What the exercise asks: Repeat the listing below in full and exactly, but without its pictures.

Provided data:
------------------------------------------------

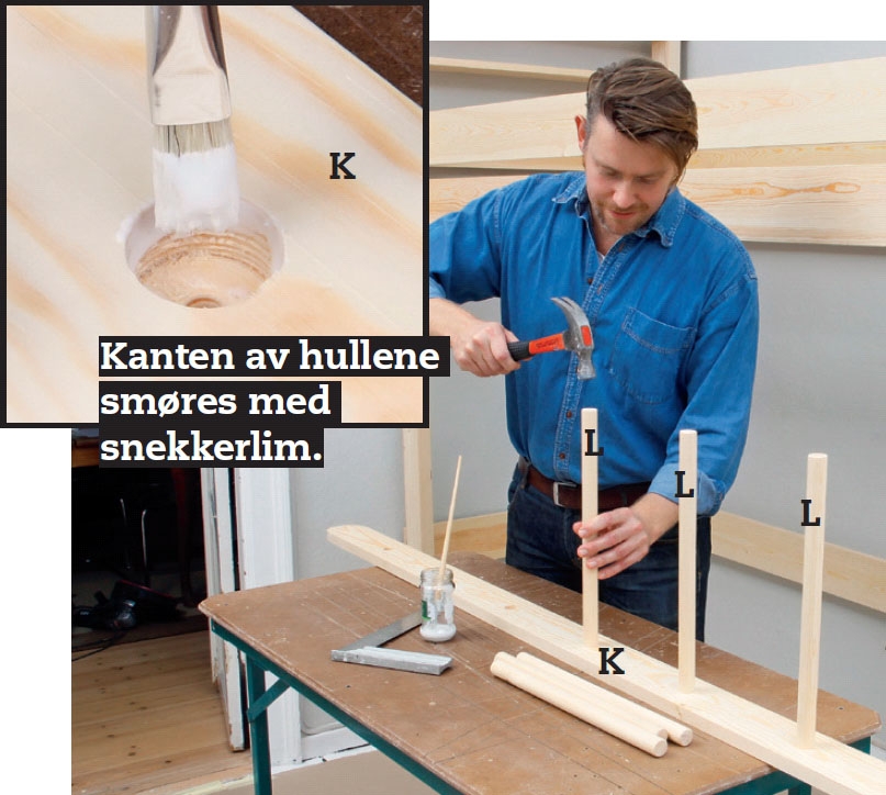 Trinnene (L) slås ned i den ene stige vangen (K). Trinnkantene rundes først med slipepapir, slik at trinnene lettere glir inn. Kanten av hullene smøres med lim, men ikke bunnen, for borets spiss er brutt gjennom. Trinnene rettes opp umiddelbart.
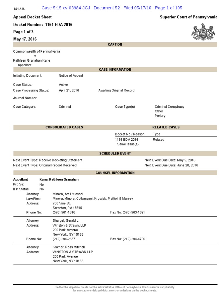 Superior Court Case No. 2016 1164 EDA Kathleen Kane Appeal DOCKET Sheet
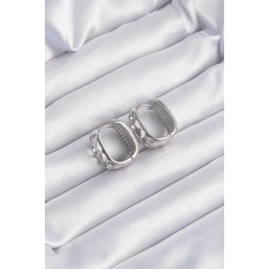 Pirinç Gümüş Renk Oval İşlemeli Küpe
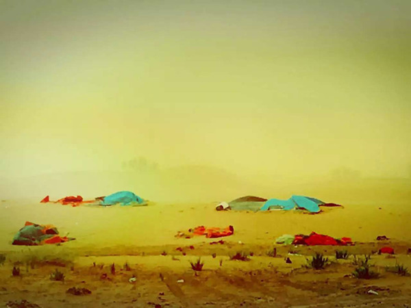 “腾格里”即蒙语的“天”,意为茫茫流沙如渺无边际的天空,暗示大部分的沙丘都是极具挑战性的流动沙丘。无穷无尽的黄沙漫天,大自然的“问候”没有丝毫情面,让所有存在无处可逃脚,脚下是走两步退一步的踉踉跄跄。

------------------------------------------------

Written response:
 Trinnene (L) slås ned i den ene stige vangen (K). Trinnkantene rundes først med slipepapir, slik at trinnene lettere glir inn. Kanten av hullene smøres med lim, men ikke bunnen, for borets spiss er brutt gjennom. Trinnene rettes opp umiddelbart.
 Superior Court Case No. 2016 1164 EDA Kathleen Kane Appeal DOCKET Sheet
 Pirinç Gümüş Renk Oval İşlemeli Küpe
 “腾格里”即蒙语的“天”,意为茫茫流沙如渺无边际的天空,暗示大部分的沙丘都是极具挑战性的流动沙丘。无穷无尽的黄沙漫天,大自然的“问候”没有丝毫情面,让所有存在无处可逃脚,脚下是走两步退一步的踉踉跄跄。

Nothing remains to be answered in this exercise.